毎日毎日、女子にしては太い腕で、必死に木刀の素振りを続けたのでございます。
当初「すぐに飽きるだろう」と思っていらしたのか、父様は非常に驚いておいででございました。なおもわたしは屈しず、いつまでもいつまでも振り続け、やがて、逞しい筋肉を手に入れたのです。
「父様。見てくださいまし、この腕を」
「……。ニニ、お前の努力とその肉には感心した。だが、女が騎士を目指すことなど」
今更になって、父様がそんなことを言い出されました。
しかし、
「わたしはなんとしても騎士になって見せてご覧に入れます。

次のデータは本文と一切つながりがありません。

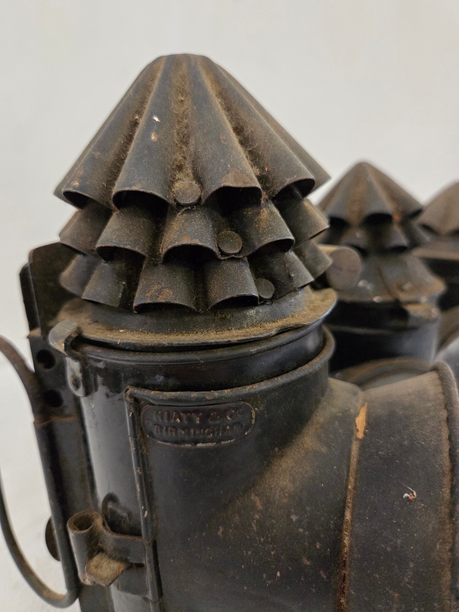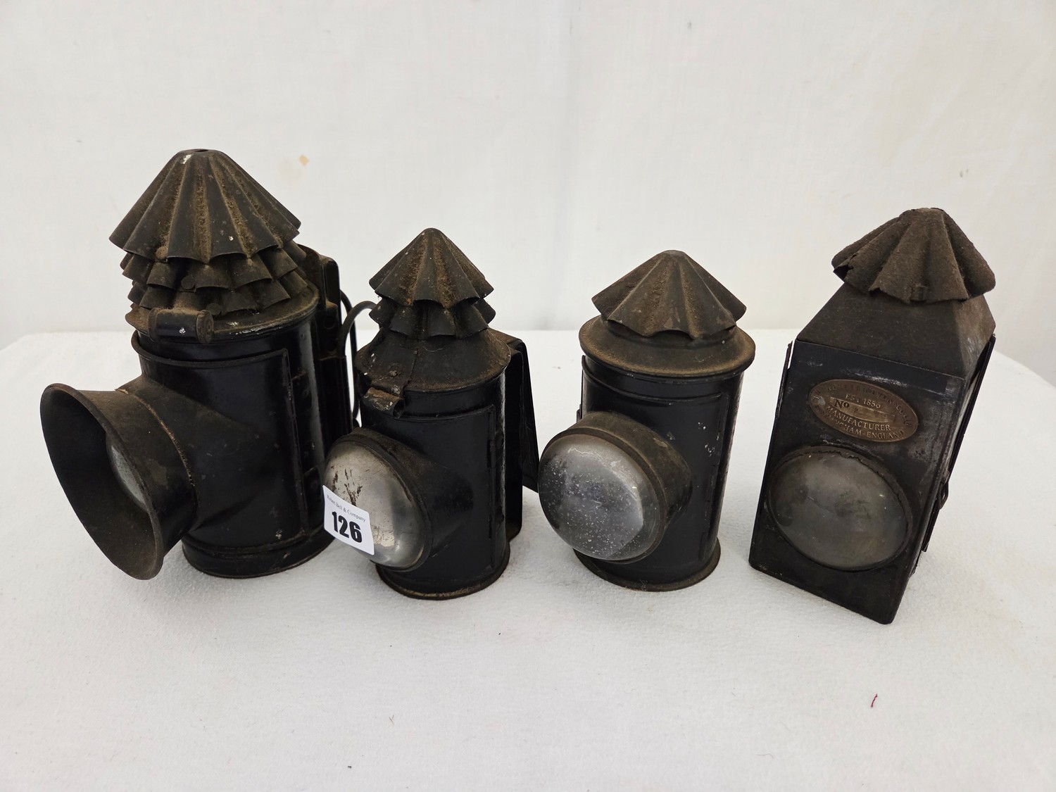 Four vintage police handheld carbide lamps incl. Hetherington & Co
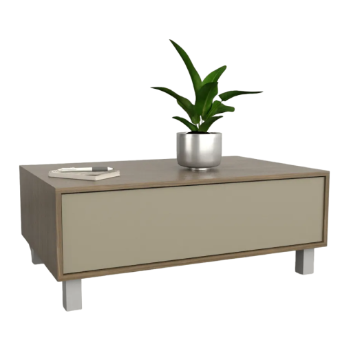 Fabricada en melamina color nogal combinado con gris cubanita / 1 Cajón con sistema Push / Sistema Minifix / Corredera metálica / Medidas: 0.91 de largo x 0.36 de alto x 0.60 de profundidad.

いいえ、なりたいのでございます」
断固として膝を折ることだけは致しませんでした。
◆◇◆◇◆◇◆◇◆
木刀の模擬戦で父様を打ち負かしたのは、十六の頃でございました。
父様の木刀を折った瞬間、わたしは心から歓喜しておりました。わたしが、父に勝ることができたのだ、と。
この噂は近隣の町に一気に広がっていきました。
仮にも騎士である父を負かしたのですから当然でございますね。
父様は、わたしを騎士団に紹介してくださるとおっしゃいました。
さすがに驚いたのでしょう。しかもそれがまぐれの負けなどではなく、わたしは初勝利から五度も父様を超えたのでございますから。
まもなく騎士様がリヒト家へやって参りました。
そして話を聞くなり、わたしを騎士団の元へ連れて行くことに決められたのでございます。
わたしは嬉しくて仕方がありませんでした。
「父様、母様。今までたいへんお世話になりました。わたし、必ず騎士様になる所存でございます」
「……気をつけて」
「行ってらっしゃい」
両親はわたしを止めるような愚かなことは致しませんでした。
そうしてわたしは、騎士団本部へと向かったのでございます。
◆◇◆◇◆◇◆◇◆
アルデート様。
わたしが騎士になることができれば、きっときっとあなたをお支えいたします。
わたしは川でお助けいただいたあの日あの時、あなたに運命を感じてしまったのでございます。もう一度お会いできるだけでもわたしは構いません。ですから――。
わたしのことを、どうかまだ覚えていてくださいまし。